El placer de lo inútil
Tribuna ·
(..) las cosas pequeñas que tampoco producen beneficios, pero nos hacen sentir bien, sin tener ni siquiera que preguntarnos por qué.Ana Moreno Soriano
Sábado, 18 de febrero 2023, 22:30
Hace unos años, el profesor italiano Nuccio Ordine escribió el ensayo 'La utilidad de lo inútil', un manifiesto que va más allá de la defensa ... de la cultura y el conocimiento, porque pone en el centro de su reflexión que hay saberes que son fines en sí mismos, que por su naturaleza gratuita y desinteresada, pueden ejercer un papel fundamental en el desarrollo de la Humanidad y que su utilidad es ayudarnos a ser mejores, aunque no sirvan de mucho en una sociedad en la que el éxito está asociado al poder y a la riqueza, en la que todo puede ser criticado y condenado, excepto el dinero, y en la que falta tiempo y sosiego para pensar.

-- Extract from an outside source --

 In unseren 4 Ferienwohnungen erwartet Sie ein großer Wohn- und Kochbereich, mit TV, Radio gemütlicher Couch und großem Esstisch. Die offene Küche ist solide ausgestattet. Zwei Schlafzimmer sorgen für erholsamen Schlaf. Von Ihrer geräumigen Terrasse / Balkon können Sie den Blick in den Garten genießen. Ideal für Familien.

El valor de la filosofía, de la poesía, de las llamadas lenguas muertas no se mide en cifras, pero las personas no podemos prescindir de nuestra historia, del pensamiento que ha configurado nuestra forma de entender el mundo, de apreciar la belleza, de conocer y entender el lenguaje y de aprender a avanzar analizando la realidad y sus contradicciones. Unos años después de la publicación del libro, Nuccio Ordine se encontró en Madrid con el filósofo español Emilio Lledó y hablaron como dos viejos amigos; leí, encantada, la noticia de aquella conversación en la que tomaron parte Aristóteles y Virgilio, Montaigne y Cervantes, Kant y Nietzsche, sin olvidar a Machado –se hace camino al andar– y a Kavafis con el viaje a Ítaca, y en la que se mostraron especialmente críticos con los sistemas educativos que se empeñan, según ellos, en contradecir a los clásicos, porque tratan de educar para ganar dinero y no para saber.

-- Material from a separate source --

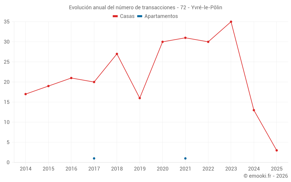 El precio mediano en las 30 transacciones de casas de los últimos 24 meses en la comuna de Yvré-le-Pôlin fue de 1 502 € por metro cuadrado para un valor patrimonial medio de 150 000 €. Durante este período el 60% de las transacciones estuvieron entre 1 129 y 2 018 € por metro cuadrado (del 2º al 8º decil).

He pensado en todo esto por asociación de ideas, porque de lo que quiero hablar es del placer de lo inútil, de las cosas pequeñas que tampoco producen beneficios, pero nos hacen sentir bien, sin tener ni siquiera que preguntarnos por qué. Sé que no es fácil concedernos esos pequeños placeres, cuando nos pasamos la vida luchando contra el tiempo e incluso tenemos que justificarnos si lo perdemos; por esa razón, incluso algunas actividades que podríamos hacer porque sí, las hacemos también por algo: yoga para enfrentarnos mejor al estrés, pilates, para descargar la tensión muscular que nos generan las tareas diarias o incluso, unos minutos de meditación, para mejorar nuestro estado de ánimo.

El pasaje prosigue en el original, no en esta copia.